Like the proposed Investor Protection Act approved Oct. 28 by the House Financial Services Committee, the Dodd bill would require any financial service professional providing personal advice to act as a fiduciary.
However, the Dodd bill takes a different approach from the House bill. The House bill would require the SEC to write regulations defining the fiduciary standard for advisers. The Senate bill extends the fiduciary duty to broker-dealers by eliminating the broker-dealer exclusion, and otherwise leaves the Investment Advisers Act unchanged.
“It’s the best and simplest approach,” said Dan Barry, director of government relations for the Financial Planning Association. “It makes it clear that the standard that applies to advisers and brokers is the same exact standard, the same exact remedies,” he said.
But the Securities Industry and Financial Markets Association continued to call for rewriting the fiduciary standard to harmonize standards for brokers and advisers. SIFMA supports “the creation of a new, federal fiduciary standard for broker-dealers and investment advisers when they provide personalized investment advice,” Kenneth Bentsen, executive vice president, public policy and advocacy, said in a release.

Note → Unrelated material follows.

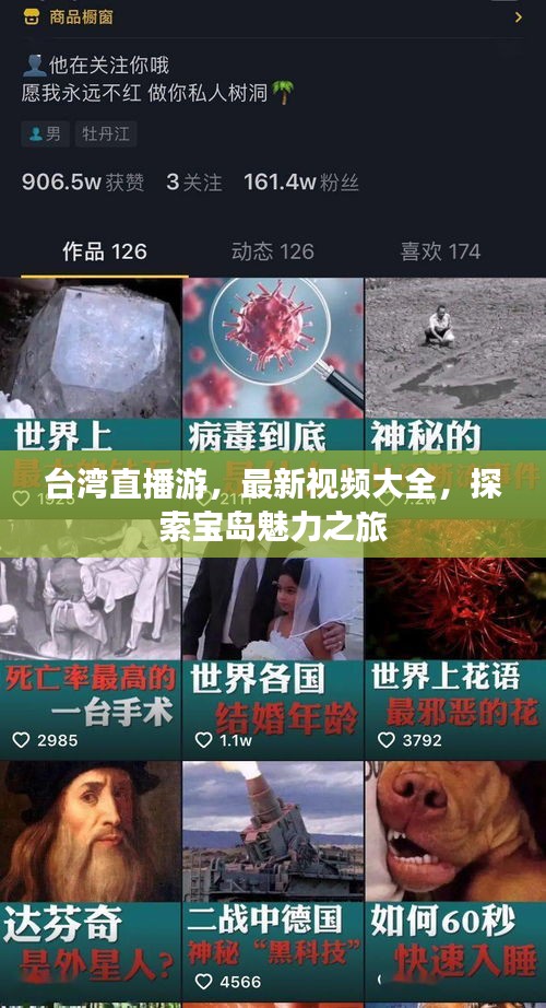 随着科技的进步和互联网的普及,越来越多的人选择通过直播视频了解世界各地的风景和文化,台湾,这个充满魅力的宝岛,以其独特的自然风光和丰富的文化吸引了无数游客的目光,本文将为您带来“游玩台湾直播视频大全最新”的相关内容,带您一起探索宝岛的魅力之旅。

Adviser groups oppose creating a new fiduciary standard, which they fear would be weakened.
Unlike the House bill, Dodd’s draft would allow the SEC to keep fees it collects to fund its operations. SEC Chairman Mary Schapiro has called for such a self-funding mechanism.
That would allow the agency to bypass the congressional appropriations process and it would increase the agency’s funding considerably. The agency expects to collect $1.5 billion in fees for the fiscal year that began Oct. 1, SEC spokesman John Nester wrote in an e-mail. The Obama administration has proposed an SEC budget of just over $1 billion for the same fiscal year.
Under the proposed legislation, an Office of the Investor Advocate would also be created within the Securities and Exchange Commission.
The Office of the Investor Advocate would report directly to Congress annually on the 20 most serious problems encountered by investors in dealing with the SEC and the Financial Industry Regulatory Authority Inc., the length of time that each item has remained on the list, actions taken by the SEC or SROs to resolve the problems, and/or why actions have not been taken.
The head of the office would be the Investor Advocate. The Investor Advocate would be appointed by and report to the commission, but the officer would have the power to employ independent counsel, research and service staff that the officer would deem necessary to carry out the functions of the office.
“It creates a position with an enormous amount of clout,” said Mr. Bullard.
The Investor Advocate’s Office “would wield a very large club within the commission,” he said.
No such provision is contained in the Investor Protection Act approved Oct. 28 by the House Financial Services Committee.